Avoiding the Ukraine problem also paradoxically waters down the global development agenda that India claims to want to champion. Jaishankar mentioned the costs of fuel, food, and fertilizer at the G-20 briefing, which are “very damaging for us.” But he made no mention of the invasion that caused these problems in the first place. India’s reluctance to engage with the Ukraine issue was made even starker this week by the fact that Jaishankar met his Chinese counterpart to register his protest over Chinese incursions across the Himalayas.


The challenge for India at the G-20 is to find ways to talk about Ukraine responsibly. For months, Indian Prime Minister Narendra Modi has been trying to use his country’s presidency of the G-20 as a means to establish his credentials as a global statesman. But that demands a more proactive approach toward the war in Ukraine. If India does not find a way to steer the debate over Ukraine at the G-20, it will likely find its presidency rendered irrelevant in the larger scheme of things.

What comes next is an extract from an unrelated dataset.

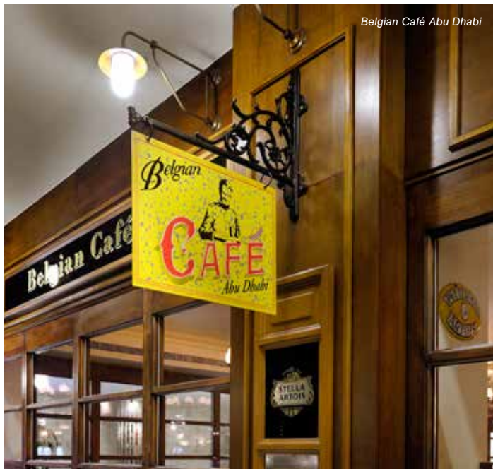
Belgian Café Abu Dhabi

If the West is anxious about winning support from the developing world, it ought to lend its ear more eagerly to their problems. The war in Ukraine is as much an economic crisis as it is a geopolitical one. The G-20 needs to recognize the fact that the Ukraine conflict has far-reaching economic implications and needs to be addressed by all stakeholders, including developing countries. It is essential to find a way to move the conversation forward in a constructive manner, rather than letting it devolve into a contentious and unproductive dispute.